Massachusetts’s consumer protection statute — Chapter 93A — is one of the most powerful in the nation. It applies to commercial MCA disputes and provides treble damages, mandatory attorney’s fees, and the leverage to change the calculus of any negotiation.
Massachusetts’s innovation-driven economy — technology, biotechnology, healthcare, education, financial services, and the professional services that support them — produces a significant small business sector that MCA companies target actively. Business owners in Boston, Cambridge, Worcester, Springfield, and across the state have signed MCA agreements to bridge cash flow gaps and are managing daily withdrawals that strain the businesses the advances were intended to support.
Massachusetts’s legal framework is exceptionally favorable to MCA borrowers, anchored by what many practitioners consider the strongest consumer protection statute in the country. Chapter 93A’s combination of treble damages and mandatory fee-shifting makes it a weapon that changes the dynamics of every MCA dispute in the state.
The Legal Landscape in Massachusetts
Massachusetts General Laws Chapter 93A prohibits unfair or deceptive acts or practices in trade or commerce. The statute provides a private right of action for businesses as well as consumers. A business that prevails on a Chapter 93A claim is entitled to actual damages, and if the court finds that the deceptive conduct was knowing or willful, the damages are trebled — multiplied by three. The statute also provides for mandatory attorney’s fees and costs. The fee-shifting means the business owner’s attorney is compensated by the defendant if the claim succeeds, reducing the financial barrier to litigation to near zero for meritorious claims.
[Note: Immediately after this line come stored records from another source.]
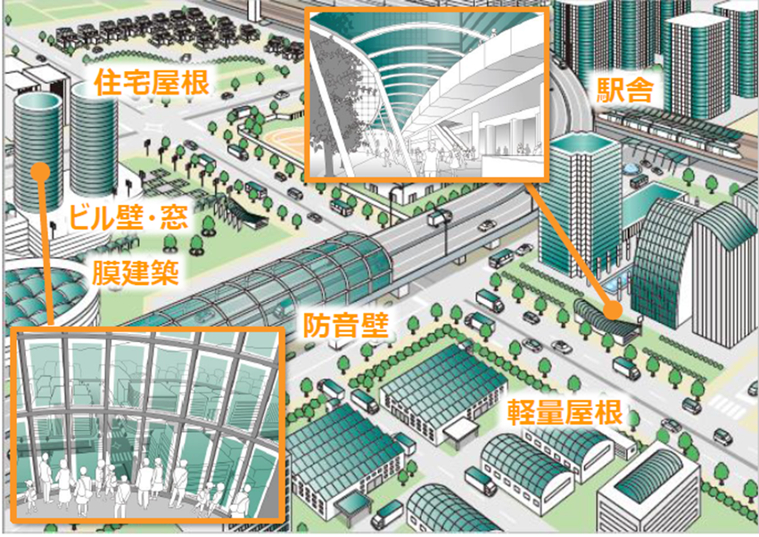 日本東芝公司在其薄膜型太陽能電池的應(yīng)用規(guī)劃,預(yù)計透過在城市地區(qū)大規(guī)模安裝薄膜型太陽能電池等擴大再生能源發(fā)電如圖8所示。
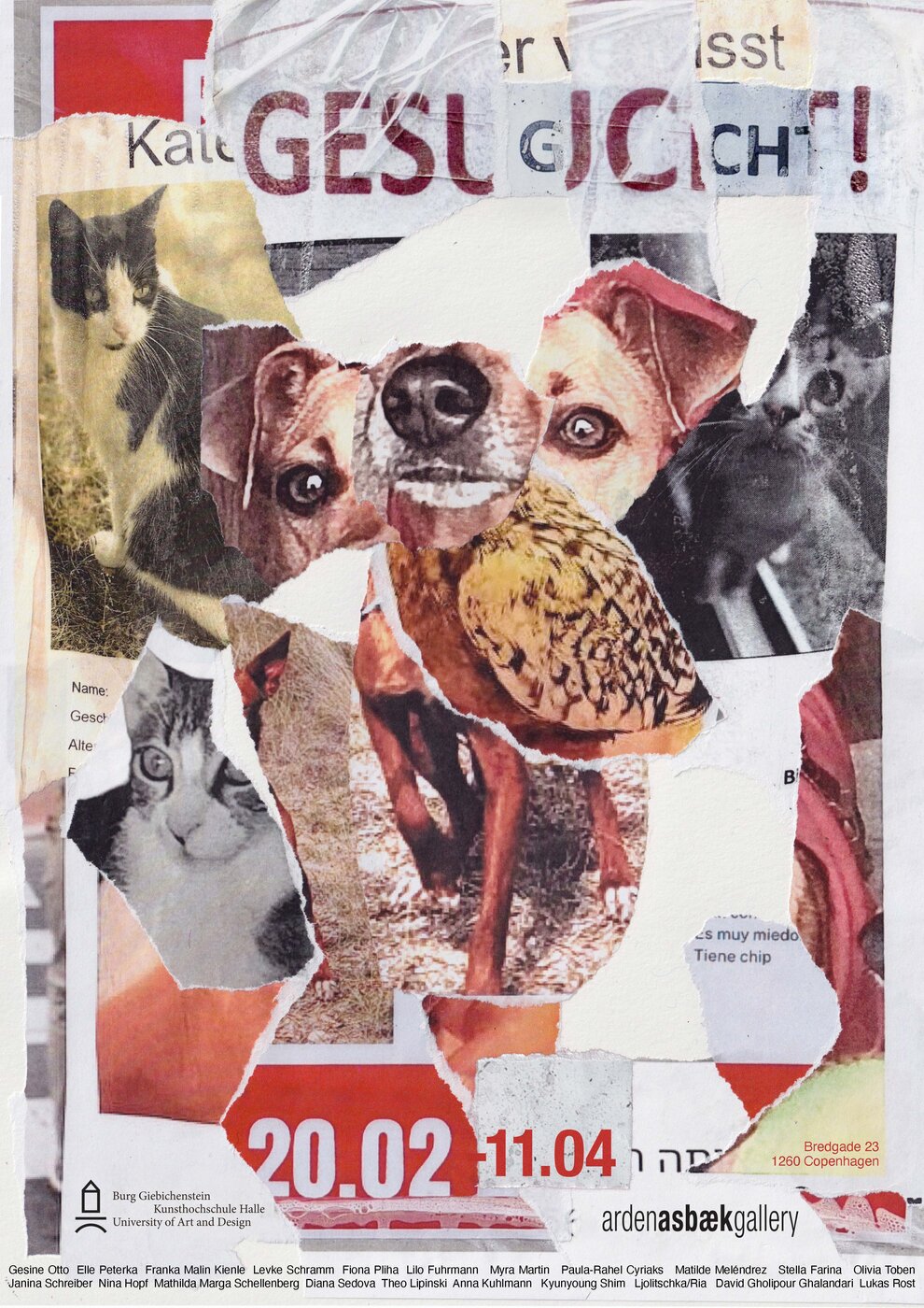 In der Ausstellung Gesucht! präsentieren Burg-Studierende der Studienrichtung Grafik, unter der Leitung von Prof. Paul McDevitt, ihre Werke in der Arden Asbæk Gallery in Kopenhagen. Ausgangspunkt des Projekts war ein vertrautes Bild aus dem urbanen Alltag: Plakate mit der Überschrift „Gesucht!“, die in der Nachbarschaft auf vermisste Haustiere aufmerksam machen.
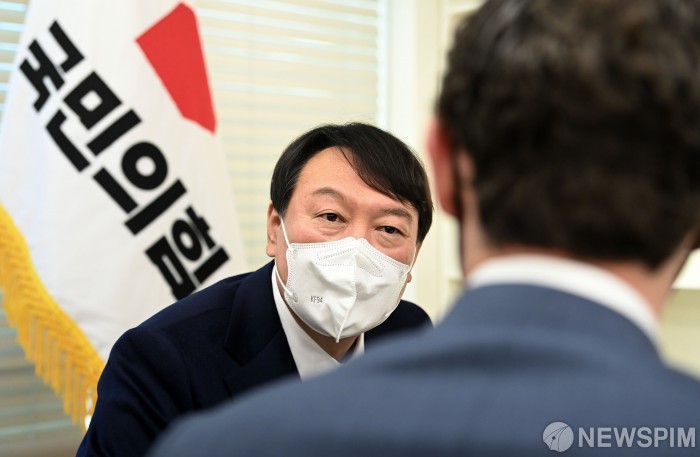[서울=뉴스핌] 최상수 기자 = 윤석열 국민의힘 대선 후보가 12일 오전 서울 여의도 중앙당사에서 존 오소프 미 상원의원을 접견하고 있다. 2021.11.12 kilroy023@newspim.com
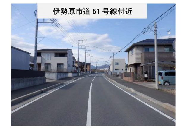 この路線のうち、伊勢原市の日向地区を通る区間は住宅が建ち並んでおり、大型車も含めた交通量が多い状況でした。
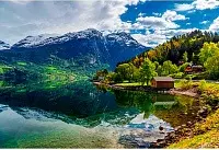 Мозаика алмазная с подрамником полная выкладка 30*40 см Норвежское Озеро Рыжий кот (Нд-0396)
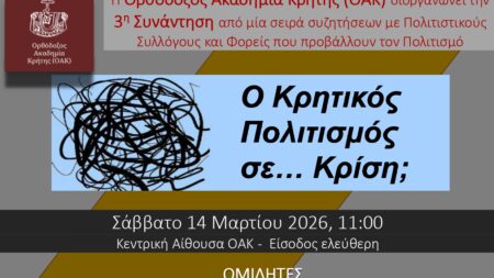 Χανιά | 3η Ημερίδα του κύκλου «Ο Κρητικός πολιτισμός σε… κρίση;» από την Ορθόδοξο Ακαδημία
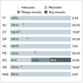 En función de estos valores, los factores principales de acción son en ITC (interés por el trabajador/compensación), situado en la zona roja con “Riesgo muy elevado” y PS “Participación/Supervisión”, situándose en zona amarilla o “Mejorable”, lo que puede, en el caso de este último factor, buscar oportunidades de mejora una vez establecidas las prioridades por orden de importancia.
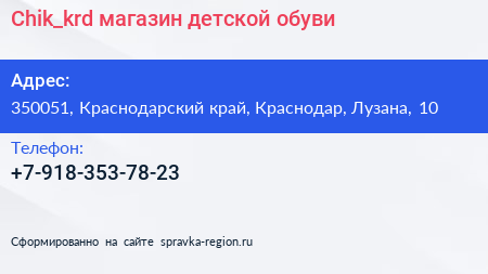 Chik_krd, магазин детской обуви по адресу 350051, Краснодарский край, Краснодар, Лузана, 10 в дальнейшем Организация, размещена в следующих категориях:
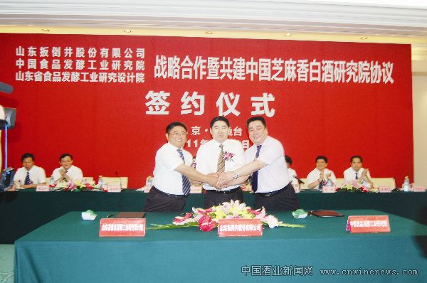 文章来源华夏酒报食品发酵工业研究院、山东省食品发酵工业研究设计院在北京钓鱼台国宾馆举行战略合作签约仪式,同时为中国芝麻香白酒研究院揭牌。图为山东扳倒井股份有限公司董事长赵纪文(中)、中国食品发酵工业研究院院长蔡木易(右)、山东省食品发酵工业研究设计院院长刘建军(左)在共建中国芝麻香白酒研究院协议上签约。
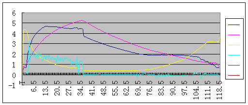 圖4和圖5為汽車實際運行時電磁離合器電流和變速箱變比的關系曲線。其中圖4為汽車速度從零急加速到120KM/H,到120KM/H后松開油門減速到零時的電磁離合器電流與發(fā)動機轉速、節(jié)氣門開度和輸入軸轉速之間的曲線圖。由圖可以看出節(jié)氣門急加到最大后保持一段時間,電磁離合器電流同步緊跟著加,當加到峰值時,繼續(xù)保持不變,發(fā)動機轉速也加到一個值保持不變,從圖中還可看出電磁離合器電流在增加的過程中,不斷在抖動,可知在上升過程中電磁離合器在不斷在打滑,在此段時間內發(fā)動機轉速與輸入軸轉速不成比例,直到電磁離合器到一個穩(wěn)定的值后才保持一定的比例關系。當節(jié)氣門全松開后,電磁離合器電流隨之下降到一個小值后保持不變,直到車速達到使變速箱處于由齒輪變速為主時,電磁離合器電流繼續(xù)減小,當車速為零時,電磁離合器電流隨之減小到零。由圖4可知,當車速在從零加到120KM/H,電磁離合器電流為零,輸入軸轉速也慢慢減為零。在整個過程中,我們可看到,節(jié)氣門開度變化率代表了駕駛員的意圖,電磁離合器電流主要由節(jié)氣門開度來決定。電磁離合器的打滑程度決定了發(fā)動機轉速和輸入軸轉速的之間的傳輸比例關系。
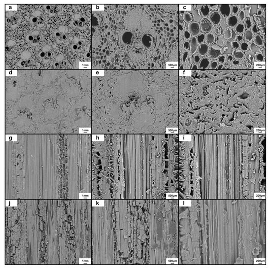 Figure 4 shows the SEM microstructures of the cross- and radial sections of bamboo slices after treatment with 150 MPa, the impregnation temperature is 70 °C and the time is 10 min. The internal cell structures of bamboo slices after UHP impregnation with paraffin wax were observed at the levels of 1 mm, 500 μm and 200 μm at 60, 200 and 500 times magnification respectively. Figure 4a–c and Figure 4g–i are the cell structure of untreated bamboo, while Figure 4d–f and Figure 4j–l are the cell structure of UHP-impregnated paraffin-treated bamboo. Figure 4a–f are the cell structure of the cross-section of bamboo, and Figure 4g–l are the cell structure of the radial section of bamboo.

Massachusetts’s criminal usury statute, M.G.L. c. 271, § 49, makes it a crime to charge interest exceeding 20% per annum on loans under $1,000 or to charge criminally excessive rates on other transactions. The civil usury framework includes multiple thresholds depending on the transaction type. For recharacterized MCAs, the applicable threshold depends on the court’s classification of the transaction, but the effective APRs of most MCAs — 100% to 300% — exceed any applicable limit by wide margins.
Massachusetts has also been active in regulating commercial financing through the Division of Banks, which has the authority to examine and take enforcement action against entities engaged in lending without proper licensing. If the MCA is recharacterized as a loan, the funder’s licensing status in Massachusetts becomes a relevant consideration, and unlicensed lending activity may be independently actionable.
Massachusetts does not permit confessions of judgment. Any judgment against a Massachusetts business owner must be obtained through conventional litigation with full due process protections, ensuring the business owner has notice and an opportunity to defend.
Recharacterization and Usury
Massachusetts courts apply the same risk-based analysis used nationally. If the MCA funder bore no genuine risk — because payments were fixed, the guarantee eliminated the funder’s downside, and the reconciliation clause was never honored — the transaction is a loan. The recharacterized loan’s effective rate is compared to the applicable usury threshold.